Revision M-Z

2020-12-17

ศัพท์ น่าสับสน ชุด R – ratio

แนะนำการใช้ ตามที่ส่วนใหญ่ใช้ แต่ละท้องถิ่น

ความหมาย อาจผันแปร ตาม ตำแหน่ง/หน้าที่ ในประโยค

Dictionary.com

ออกเสียง ratio = ‘REY-shoh”

Dictionary.com

ABOUT THIS WORD

What else does ratio mean?

On the social media platform Twitter, a ratio, or getting ratioed,

is when replies to a tweet vastly outnumber likesor retweets.

This means people are objecting to the tweet

and considering its content bad.

Where does ratio come from?

You might remember from math class

that a ratio is a proportional relationship between two numbers.

For example, if I have two carrots for every one apple,

my carrot-to-apple ratio is 2:1, or 2/1 as a fraction.

In the Twittersphere,

a ratio specifically refers to the number of replies to a tweet

versus the number of likes and retweets.

The importance of this ratio was first called out by user @85mf,

who noted on March 7, 2017 that U.S. congressman Jason Chaffetz had a tweet with 701 replies and only 23 retweets and 108 likes.

@85mf commented:

“Nothing on this site makes me happier than reply-to-RT ratios like this. That is the ratio of someone who fuuuuu***d up.”

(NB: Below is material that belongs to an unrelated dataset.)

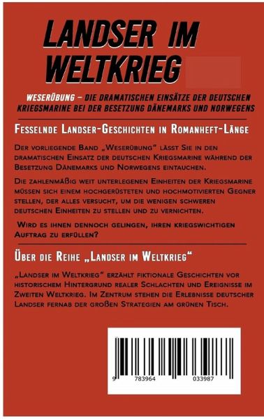 Fesselnde Landser-Geschichten in Romanheft-Länge Der vorliegende Band ¿Weserübung¿ lässt Sie in den dramatischen Einsatz der deutschen Kriegsmarine während der Besetzung Dänemarks und Norwegens eintauchen. Die zahlenmäßig weit unterlegenen Einheiten der Kriegsmarine müssen sich einem hochgerüsteten und hochmotivierten Gegner stellen, der alles versucht, um die wenigen schweren deutschen Einheiten zu stellen und zu vernichten. Wird es den Kampfgruppen der Kriegsmarine dennoch gelingen, ihre feldzugentscheidenden Aufträge zu erfüllen? Über die Reihe ¿Landser im Weltkrieg¿ ¿Landser im Weltkrieg¿ erzählt fiktionale Geschichten vor historischem Hintergrund realer Schlachten und Ereignisse im Zweiten Weltkrieg. Im Zentrum stehen die Erlebnisse deutscher Landser fernab der großen Strategien am grünen Tisch.
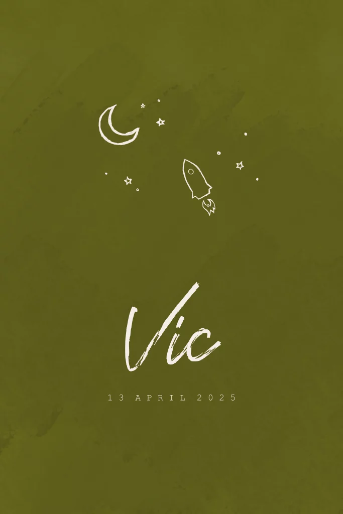 Groen geboortekaartje met maan, sterren en een raket. Het kaartje heeft een stoer getekende stijl.

In April 2017, an article in Esquire,

“How to Know If You’ve Sent a Horrible Tweet:

A Deep Dive into The Ratio,”

gave a longer description of this phenomenon.

Essentially, showing you like something on Twitter is easy:

You simply like or retweet the comment.

It takes more effort, however, to leave a negative comment,

so, if lots of people do so, then it must be a sign the tweet has really stepped in it.

By fall 2017, the noun ratio had been verbed,

as in I’ve been ratioed or Let’s ratio this guy.

Before Twitter analytics became a thing,

having something that was well-ratioed,

like ingredients on a sandwich, meant it was well-proportioned.

But since 2017, there is little positive about being ratioed.

It means your tweet has been taken down by the hive mind.

Common Errors In English Usage Dictionary

ratio

A ratio is a way of expressing the relationship

between one number and another.

If there is one teacher to fifty students,

the teacher/student ratio is one to fifty,

and the student/teacher ratio fifty to one.

If a very dense but wealthy prince were being tutored by fifty teachers,

the teacher/student ratio would be fifty to one, and

the student/teacher ratio would be one to fifty.

As you can see, the order in which the numbers are compared

is important.

The ratios discussed so far are “high"

—the difference between the numbers is large.

The lowest possible ratio is one to one:

one teacher to one student.

If you are campaigning for more individual attention in the classroom,

you want a higher number of teachers, but a lower student/teacher ratio.